El uso de células fotovoltaicas para la conversión directa de la radiación solar en energía eléctrica es muy conocido, véase por ejemplo, la patente de Estados Unidos N.° 4.234.352 de Swanson. Brevemente, la célula fotovoltaica comprende un sustrato de material semiconductor que tiene una unión p-n definida en la misma. En la célula de silicio plana, la unión p-n se forma cerca de una superficie del sustrato que recibe radiación impactante. Los fotones radiados crean portadores móviles (huecos y electrones) y el sustrato, que pueden dirigirse a un circuito eléctrico fuera de la celda. Solo los fotones que tengan al menos un nivel de energía mínimo (por ejemplo, 1,1 electrones voltio para el silicio) pueden generar un par de hueco-electrón en el par semiconductor. Los fotones que tienen menos energía o bien no se absorben o se absorben como calor, y el exceso de energía de los fotones que tienen más de 1,1 electrón voltio de energía (por ejemplo, los fotones tienen una longitud de onda de 1,1 pm y menos) crean calor. Estas y otras pérdidas limitan la eficacia de las células fotovoltaicas de silicio para convertir directamente la energía solar en electricidad a menos del 30 %.
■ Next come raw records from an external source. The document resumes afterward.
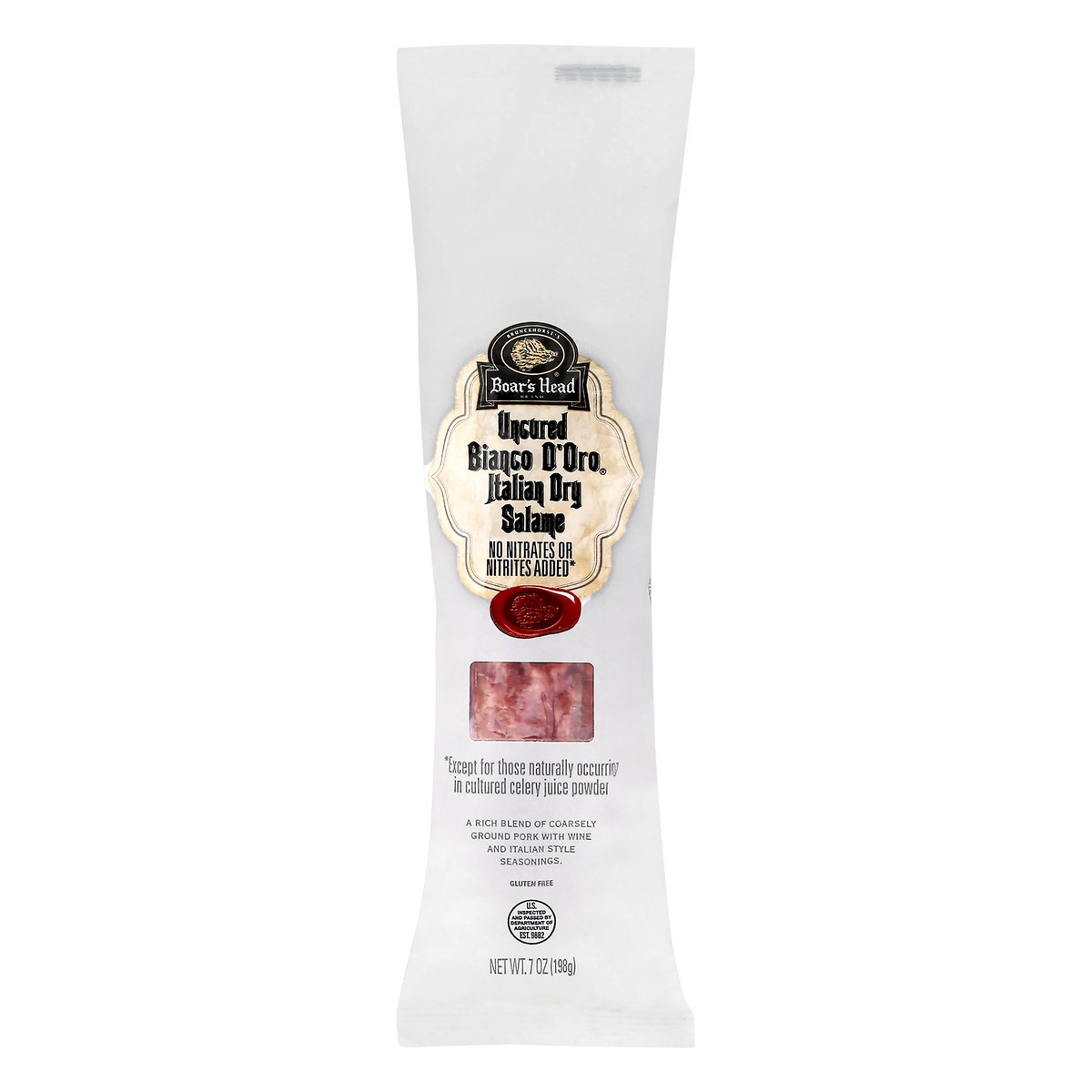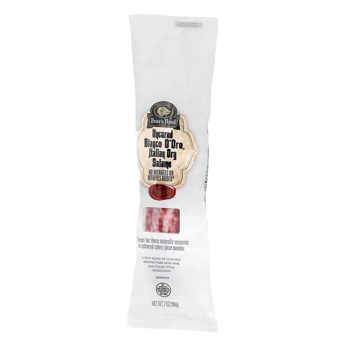 A rich blend of finely ground pork with wine and Italian style seasonings made in the traditional Old World manner. Boar''s Head Uncured Bianco D'Oro Salame is an authentic culinary classic aged to pr…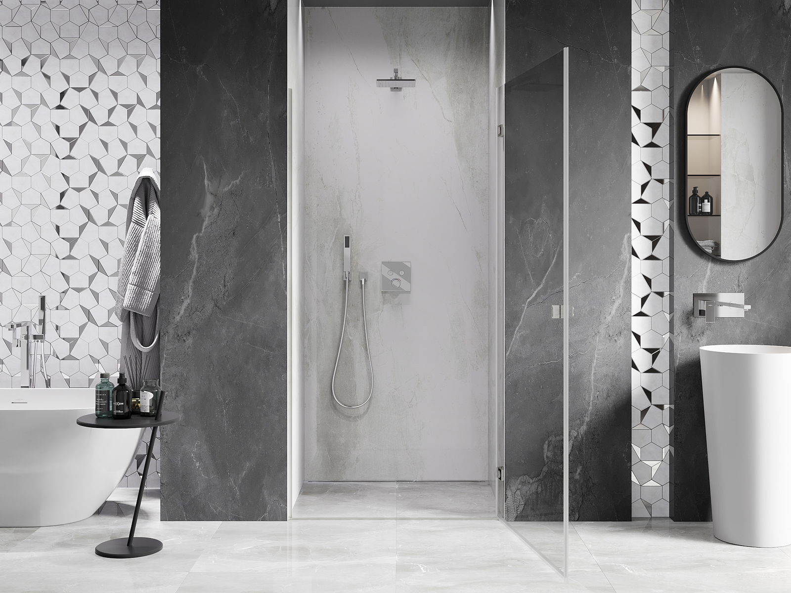 Mexen Lunar-B drzwi prysznicowe uchylne prawe 45 cm, transparent, nikiel szczotkowany - 832-045-000-97-00-P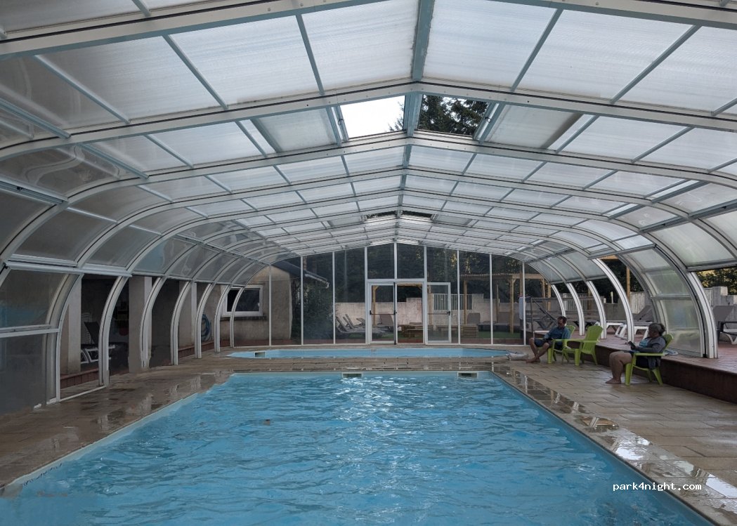 Camping ouvert début mai mais de façon réduite, seulement 3 toilettes et douches pour tout le monde, avec eau chaude aléatoire. Épicerie pas ouverte au mois de mai. Piscine couverte mais propreté à revoir, emplacements de tente minuscules, relégués la ou les bungalow ne peuvent pas être casés, avec vu sur les bungalow - tarif cher, 72€ pour 2nuits en tente à 4, très cher au vu des prestations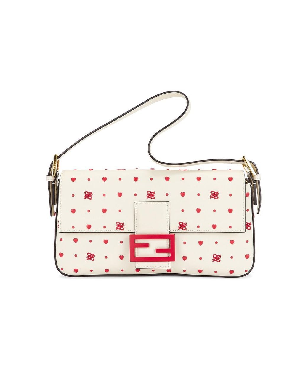 Fendi Chinese Valentine's Day Karligraphy Baguette 1997 Shoulder Bag in White White calfskin leather exterior with canvas lining, gold-tone hardware and red matte hardware. Made in Italy. Magnetic snap closure. One main compartment. 1 interior zip pocket. Original removable strap and brand dustbag included. Measures approx 10 W x 5 H x 1.5 D Shoulder strap with a 8 drop. Good. Light wear throughout. Original brand box, authenticity card, and hang tag not included. FNEF-WY7647. 12957890. About the designer: Color: white

Las células solares con contactos interdigitados de polaridad opuesta en la superficie trasera de la célula se conocen y tienen numerosas ventajas sobre la células solares convencionales con contactos con rejillas de metal en la cara delantera y cubierta o rejilla metalizada en la cara trasera, que incluyen una fotogeneración mejorada debido a la eliminación del sombreado de la rejilla delantera, mucho menor resistencia en serie de la rejilla y mejor fotorrespuesta "azul" ya que no se necesita un dopado fuerte de la superficie delantera para minimizar la resistencia del contacto delantero debido a que no hay ningún contacto delantero. Además de las ventajas de rendimiento, la estructura de la célula de contacto trasero permite simplificar el montaje del módulo debido a los contactos coplanarios. Véase, por ejemplo, la patente de Estados Unidos N.° 4.927.770 de Swanson.
Aunque se han fabricado células solares de contacto trasero interdigitadas (IBC), las consideraciones de costes han limitado la comercialización de las células solares de IBC. Hasta ahora, se ha empleado el procesamiento de microelectrónica convencional (circuito integrado) en la fabricación de células solares de IBC, que incluyen el uso de difusiones en la cara trasera, y líneas de metal fabricadas mediante procesos de fotolitografía microelectrónica convencional, metalización de película delgada y grabado químico. Este proceso de fabricación es capaz de producir células solares de alta eficiencia, pero el proceso no es rentable para aplicarlo en paneles solares convencionales de placas planas de bajo coste. El problema clave de la realización práctica de una célula solar de IBC por este proceso es el alto coste de fabricación, que incluye el grabado químico, dopado y alineación de la máscara, y el uso de deposición de conductor de metal grueso por evaporación al vacío o deposición electrónica. Además, el procesamiento debe realizarse en un entorno de sala blanca. Por lo tanto, las células solares de IBC fabricadas usando estos métodos han visto limitada su aplicación a células solares de alta concentración o en aplicaciones de un sol de muy alto valor.
El documento US 7718 888 82 combina un sustrato semiconductor con contactos de polímero aceptor y donador para proporcionar una célula solar que es económica de fabricar. Lo que es más importante, la fabricación de la célula solar se mejora en coste y en ciclos de temperatura reducida a través del uso de aplicaciones de inyección de tinta de los contactos de polímero sin la necesidad de enmascaramiento fotorresistente, grabado químico, difusión del dopante y recocido, como requieren las células solares de la técnica anterior.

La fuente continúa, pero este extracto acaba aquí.